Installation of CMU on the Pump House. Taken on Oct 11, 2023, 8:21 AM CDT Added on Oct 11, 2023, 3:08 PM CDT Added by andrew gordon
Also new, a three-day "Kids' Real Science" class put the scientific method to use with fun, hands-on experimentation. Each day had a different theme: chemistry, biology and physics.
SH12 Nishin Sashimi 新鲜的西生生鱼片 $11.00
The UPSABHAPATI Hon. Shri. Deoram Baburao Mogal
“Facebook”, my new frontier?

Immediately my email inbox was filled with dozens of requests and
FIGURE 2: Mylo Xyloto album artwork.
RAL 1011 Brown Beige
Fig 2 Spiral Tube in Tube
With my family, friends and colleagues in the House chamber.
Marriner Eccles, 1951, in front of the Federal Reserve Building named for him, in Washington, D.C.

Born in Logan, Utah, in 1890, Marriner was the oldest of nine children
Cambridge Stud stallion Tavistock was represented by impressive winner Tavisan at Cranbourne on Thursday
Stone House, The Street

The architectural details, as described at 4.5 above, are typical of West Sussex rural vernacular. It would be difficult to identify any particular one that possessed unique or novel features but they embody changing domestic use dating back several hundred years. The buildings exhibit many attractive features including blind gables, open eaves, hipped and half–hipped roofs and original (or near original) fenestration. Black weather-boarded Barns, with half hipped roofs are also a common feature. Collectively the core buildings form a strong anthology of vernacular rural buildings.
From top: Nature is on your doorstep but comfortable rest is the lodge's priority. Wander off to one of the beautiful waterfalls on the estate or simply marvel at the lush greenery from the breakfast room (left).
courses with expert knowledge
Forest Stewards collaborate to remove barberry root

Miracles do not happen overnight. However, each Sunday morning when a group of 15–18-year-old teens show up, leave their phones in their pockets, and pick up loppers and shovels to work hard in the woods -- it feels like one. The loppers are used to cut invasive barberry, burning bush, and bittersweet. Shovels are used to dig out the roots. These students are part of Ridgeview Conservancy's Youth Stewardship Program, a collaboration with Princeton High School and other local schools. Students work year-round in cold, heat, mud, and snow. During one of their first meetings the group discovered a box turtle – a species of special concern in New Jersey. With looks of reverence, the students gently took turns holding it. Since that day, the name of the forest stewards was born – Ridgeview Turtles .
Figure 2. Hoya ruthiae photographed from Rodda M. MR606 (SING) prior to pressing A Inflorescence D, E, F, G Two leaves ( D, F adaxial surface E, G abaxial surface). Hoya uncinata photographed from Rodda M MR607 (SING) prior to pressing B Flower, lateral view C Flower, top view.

○ ○ ○ ○

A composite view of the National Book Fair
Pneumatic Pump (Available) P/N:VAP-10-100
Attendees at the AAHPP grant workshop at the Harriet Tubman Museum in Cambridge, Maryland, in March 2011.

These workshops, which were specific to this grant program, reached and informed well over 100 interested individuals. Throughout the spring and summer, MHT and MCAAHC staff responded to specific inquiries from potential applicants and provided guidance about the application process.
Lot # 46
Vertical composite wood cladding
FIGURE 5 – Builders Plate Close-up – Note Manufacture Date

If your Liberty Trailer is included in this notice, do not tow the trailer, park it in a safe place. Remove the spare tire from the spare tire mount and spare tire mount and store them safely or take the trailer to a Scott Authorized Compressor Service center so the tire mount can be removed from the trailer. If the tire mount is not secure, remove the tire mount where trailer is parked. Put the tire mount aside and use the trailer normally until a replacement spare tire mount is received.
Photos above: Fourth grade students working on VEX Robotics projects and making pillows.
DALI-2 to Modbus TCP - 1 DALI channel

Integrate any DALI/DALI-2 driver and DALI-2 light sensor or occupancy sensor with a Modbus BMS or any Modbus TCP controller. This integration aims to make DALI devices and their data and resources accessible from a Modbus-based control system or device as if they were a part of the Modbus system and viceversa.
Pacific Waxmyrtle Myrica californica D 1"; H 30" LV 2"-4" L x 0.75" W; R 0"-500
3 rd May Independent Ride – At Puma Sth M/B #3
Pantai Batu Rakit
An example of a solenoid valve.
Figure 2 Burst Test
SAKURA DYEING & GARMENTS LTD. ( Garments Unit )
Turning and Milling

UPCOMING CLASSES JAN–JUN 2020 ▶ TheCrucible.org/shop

○ ○ ○ ○

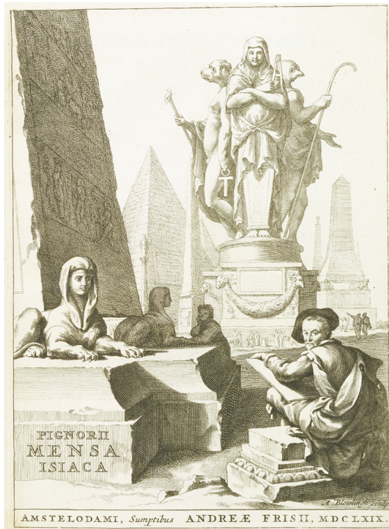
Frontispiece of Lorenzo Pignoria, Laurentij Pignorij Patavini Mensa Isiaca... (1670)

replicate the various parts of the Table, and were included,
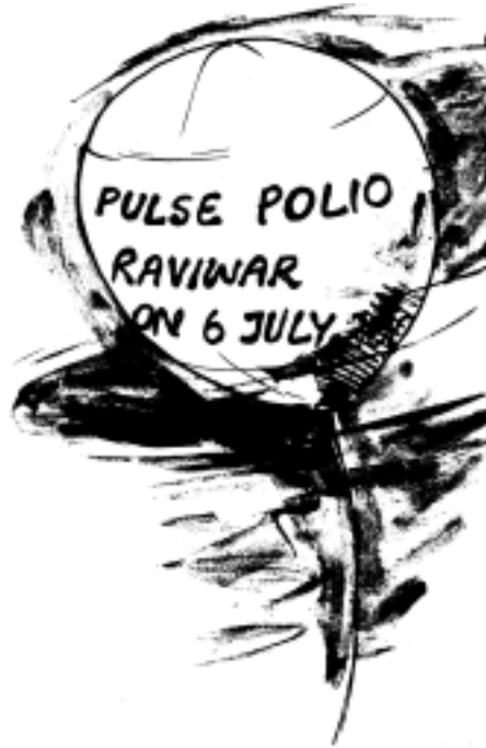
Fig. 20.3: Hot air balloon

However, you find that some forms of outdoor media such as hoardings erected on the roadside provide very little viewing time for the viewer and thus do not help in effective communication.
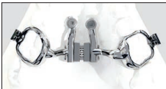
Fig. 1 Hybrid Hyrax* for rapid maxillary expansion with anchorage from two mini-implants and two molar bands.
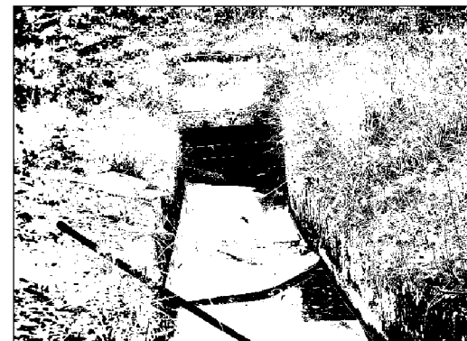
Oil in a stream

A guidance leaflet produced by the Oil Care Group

○ ○ ○ ○

→ **TASK DESCRIPTION**
Answer with a number only: how many lines above have the word "Marriner"?

→ **ANSWER SPACE**
2